Although the indicators used in the model were plausible, consistent, and coherent, our approach does not validate that the selected psychosocial variables are robust indicators of latrine use. Given the challenges of collecting unbiased measurements of latrine use, validating the predictive power of these indicators is difficult. Nevertheless, to address this limitation, we conducted extensive fieldwork to assess drivers of latrine defecation [
21]. Beyond this initial work to define the 16 indicator variables that have potential to be surrogate indicators of latrine use, our LCA analysis suggests that community-level norms of latrine defecation are the strongest indicators. Thus, there is good potential for these indicators to generalize to other populations. Indeed the social environment tends to influence health behaviors [
58]. Related to defecation, social norms and the behaviors of others in our social networks have been identified as determinants of latrine use behavior in India and Ethiopia [
59‐
61]. The Community-Led Total Sanitation Campaign, a sanitation program targeting LMICs communities that seeks to end open defecation and has received lots of attention throughout the globe, operates through levels of behavior change that include community-pressure to promote latrine use [
62,
63]. Our research was conducted in a very specific population; and it plausible that the latrine use and its drivers differ across the 20 communities included in our study as well as from drivers in other cultural contexts. Prior comparisons of the determinants of latrine defecation across cultures and geographical location highlight the role of shared community values, as well as perceptions of latrine cleanliness, on influencing behavior [
21]. However, because prior studies are not void of self-report defecation behavior, it is plausible that identified determinants may be biased. Thus, determining which social norms of latrine defecation are applicable indicators across cultures requires further research. Furthermore, because social norms surrounding defecation behavior may also be influenced by the maintenance or cleanliness of a latrine, incorporating additional information on the latrine would add to this exploration and further the generalizability of this research.
Conclusion
As an often neglected side of the epidemiologic triad, we focus on human behavior at the interface of the environment and biological agent of disease. Our approach, illustrated here for latrine defecation, follows methods commonly used to measure socially stigmatized actions, such as intimate partner violence [
64], aggression and bullying [
65], or substance abuse [
66]. Our work within the WASH sector, which allows us to test common assumptions of how people defecate, a critical component to disease transmission. More research is needed, however, to refine the selection of latrine use indicators. First and foremost, gender specific indicators, which may be different by life course stage [
39], will likely provide better insight into population-level drivers of behavior and more accurate classification of latrine users (see our sensitivity analysis in Additional file
4). Second, inconsistent latrine use may have a different set of determinants than consistent latrine use, as these behaviors are not strictly opposites; thus, additional work is required to determine indicators of inconsistent latrine use and whether said indicators can distinguish groups of people. Third, because psychosocial norms, attitudes, and beliefs may change over time, longitudinal analysis are required to determine if these indicators are temporally consistent. Finally, future research is needed to test hypotheses assessing whether latrine use measures are adequate indicators of reduced exposure to enteric pathogens.

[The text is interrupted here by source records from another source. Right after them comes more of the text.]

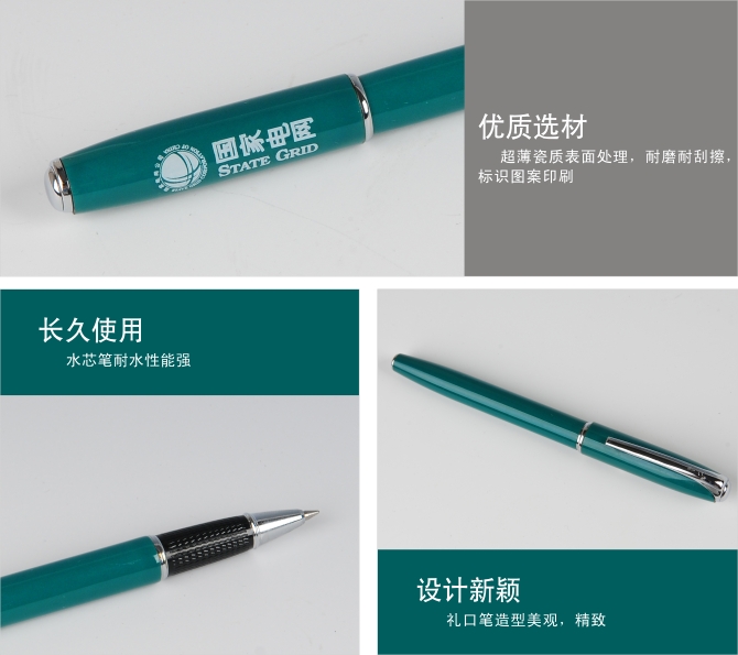 禮品筆:超薄的資質(zhì)表面處理,使該筆耐磨耐腐、耐刮花,產(chǎn)品馬面歷久彌新,凝脂如玉,永不磨損,極富質(zhì)感。訂質(zhì)產(chǎn)品加上國(guó)家電網(wǎng)LOGO,用琺瑯彩瓷術(shù),經(jīng)高溫?zé)贫,LOGO和國(guó)網(wǎng)綠色彩不易脫落,筆身流線型設(shè)計(jì),手感舒適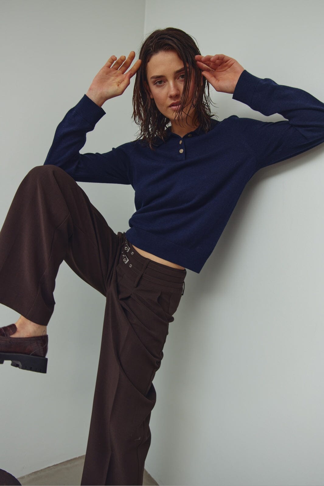 Pull en maille Noella bleu marine. Le pull présente un design polo classique avec une patte de boutonnage sur le devant et une structure tricotée à la coupe décontractée.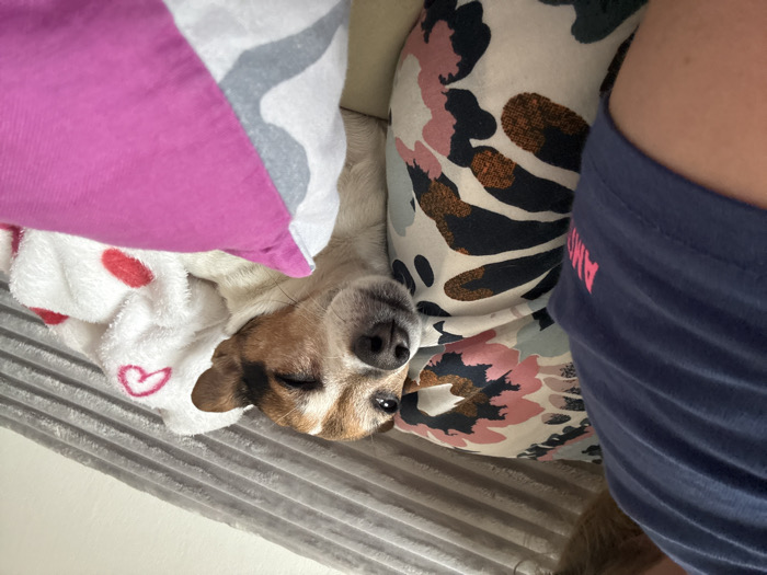 An indoor scene in Bad Nauheim, Germany, depicts a small, tricolored dog, likely a Jack Russell Terrier, resting beside a human. The dog, with brown, white, and black markings, is positioned on its side, partially covered by a white, plush blanket adorned with red heart patterns. Its right eye is visibly squinted or partially closed. Adjacent to the dog is a human's left upper arm and shoulder, clad in a navy blue t-shirt with faint pink lettering, possibly "AM," on the sleeve. The human's arm rests against a pillow featuring a floral or abstract pattern in pink, black, and brown on a white background. Another pillow, pink with a white and grey geometric design, is visible in the foreground to the dog's right. The background consists of a ribbed grey fabric, indicative of a couch back or a throw blanket. The overall environment suggests a comfortable, domestic setting.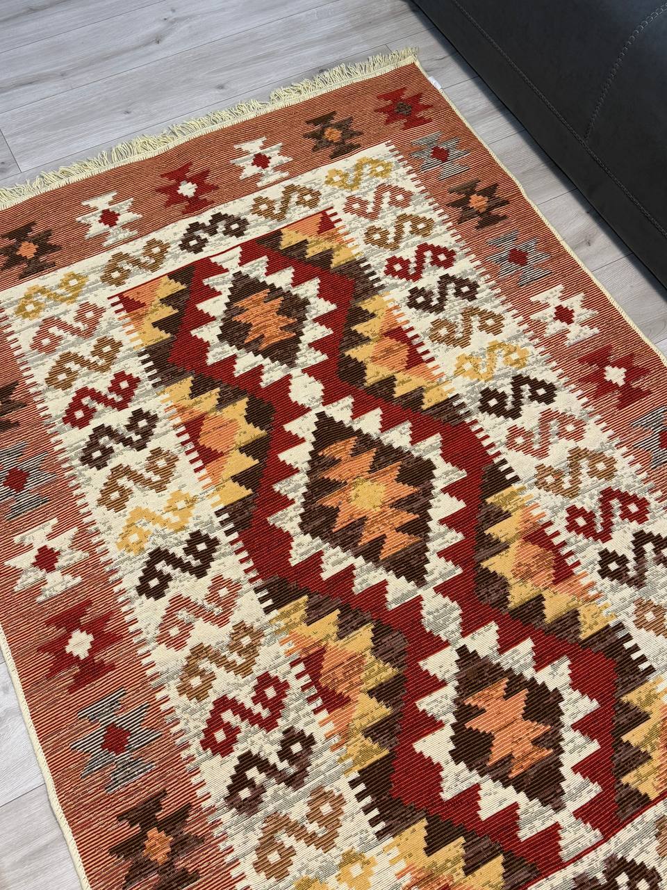 Килим виготовлений на фабриці в Туречинні, кожний узор - це окремий колір нитки. Складається з 100% бавовни, приємний на дотик, можна прати в машинці, чітко виглядає, як на фото.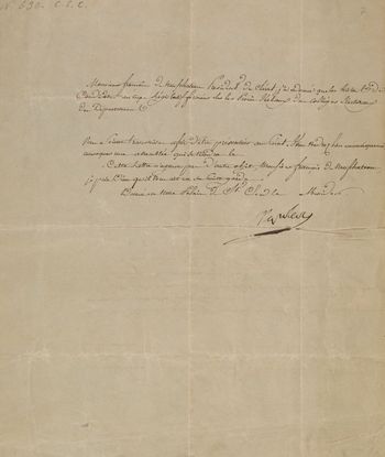 Napoleon Bonaparte. Listy do następujących: -Aleksander I car, 1809 oraz cytat Mowy o Narodowości Polaków, wygłoszonej na posiedzeniu Tow. Przyj. Nauk 3 V 1831 przez Kazimierza Brodzińskiego pisany przez NN, s. 25, kopia. Druk: Kazimierz Brodziński, O Narodowości Polaków. Warszawa 1831. -[Vivant] Denon [Dominik rys. franc., członek Franc. Akademii Sztuk Pięknych], b. d. s. 21-22. -Bonaparte Louis brat, w sprawie zawiadomienia o śmierci Józefa Sułkowskiego, 1798 s. 29-30. -Neufchateau Francois de, Prezes Senatu fran., b. d. s. 7.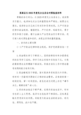 某副县长2025年度民主生活会对照检查材料.docx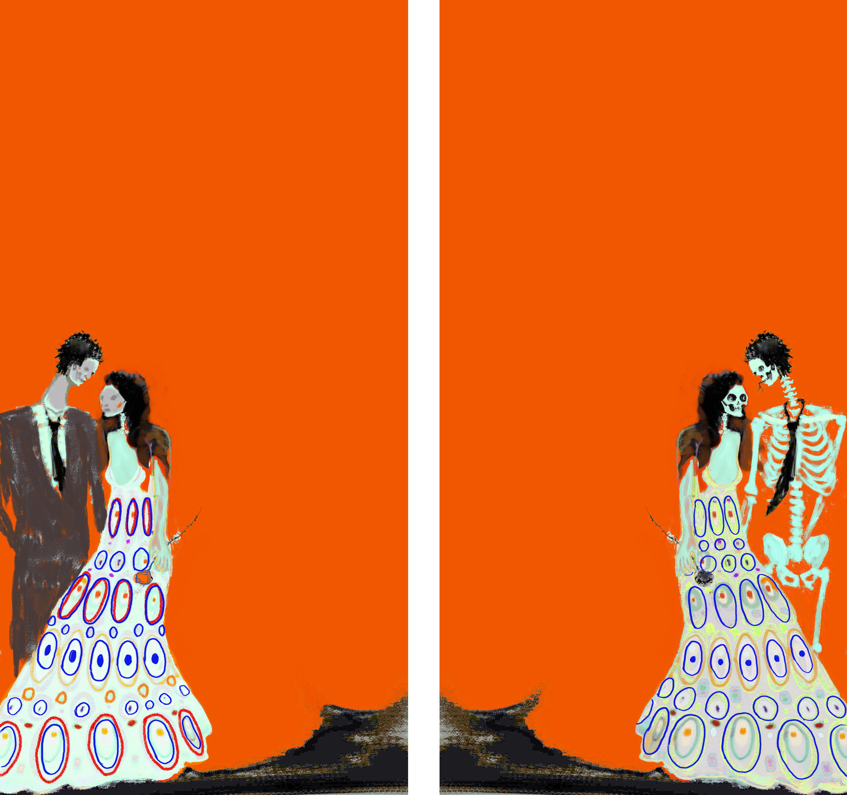 Nicholaas Chiao's exceptional metaphorical painting of a man and woman symbolizes eternal love and a cycle of life. The painting is characterized by a monochromatic orange color scheme, accented with the whites of wedding dresses and the rhythms of ultramarine blue decor. The composition is unusual and dynamic, with the figures occupying the edges and the horizontal middle of the canvas. The artwork evokes the styles of Gustav Klimt, particularly 'The Kiss,' and Edvard Munch, particularly 'The Dance of Life.' (Edvard Munch's Influence on 20th Century Art, 2025) On the left side of the diptych, we see a young, handsome couple of newlyweds, and on the right side, perhaps the same couple years later, as aged, near-walking-dead skeletons still mutually affected by love and staying together. The catalyst for the idea to paint 'The Wedding of Skeletons' was a piece by Spanish artist Oscar Nin, whose work depicting a wedding in a dark, horror-filled style on a black background intrigued Nicholaas Chiao. This painting, 'Together in Marriage and Plans of Life and Death,' symbolizes eternal love that endures from youth to old age. Nicholaas Chiao explores themes of the cyclical nature of existence and the notion of rebirth after life has ended.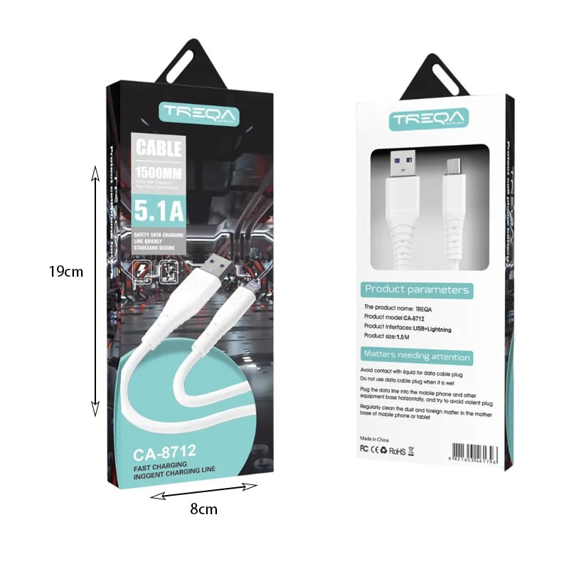 Treqa CA-8712 καλώδιο δεδομένων 1.5m USB σε Lighting – Fast Charging Cable 5.1A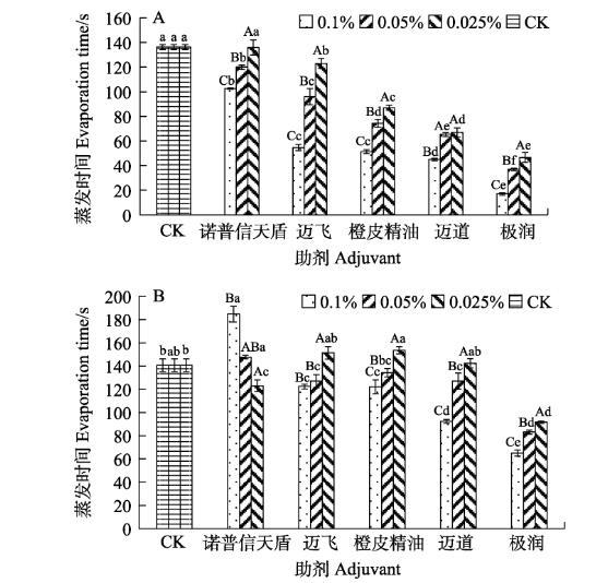 葉片背面,助劑質量分數為0.025%時,與CK相比,極潤助劑能使藥液蒸發時間縮短34.84%,其次是諾普信天盾縮短12.56%,而邁道和邁飛與CK間無顯著差異,而橙皮精油的蒸發時間增加9.24%;助劑質量分數為0.05%時,極潤助劑使藥液蒸發時間縮短41.00%,其次是邁道和邁飛均縮短9.72%,而橙皮精油和諾普信天盾與CK無顯著差異;助劑質量分數為0.1%時,極潤助劑使藥液蒸發時間縮短53.79%,其次是邁道縮短34.36%,橙皮精油和邁飛則分別縮短13.27%和13.04%,而諾普信天盾的蒸發時間增加31.28%(圖5B)。

Regardless of the disease system of study, epidemiologists interested in population dynamics that lead to health and disease should include metrics of behavior and social process into their research. Development of psychosocial indicators of sensitive behaviors and application of LCA is a useful tool for measurement of sensitive behavioral risk factors, such as hygiene or sexual activity, where self-report data suffer from misclassification and no gold standard measurement exists.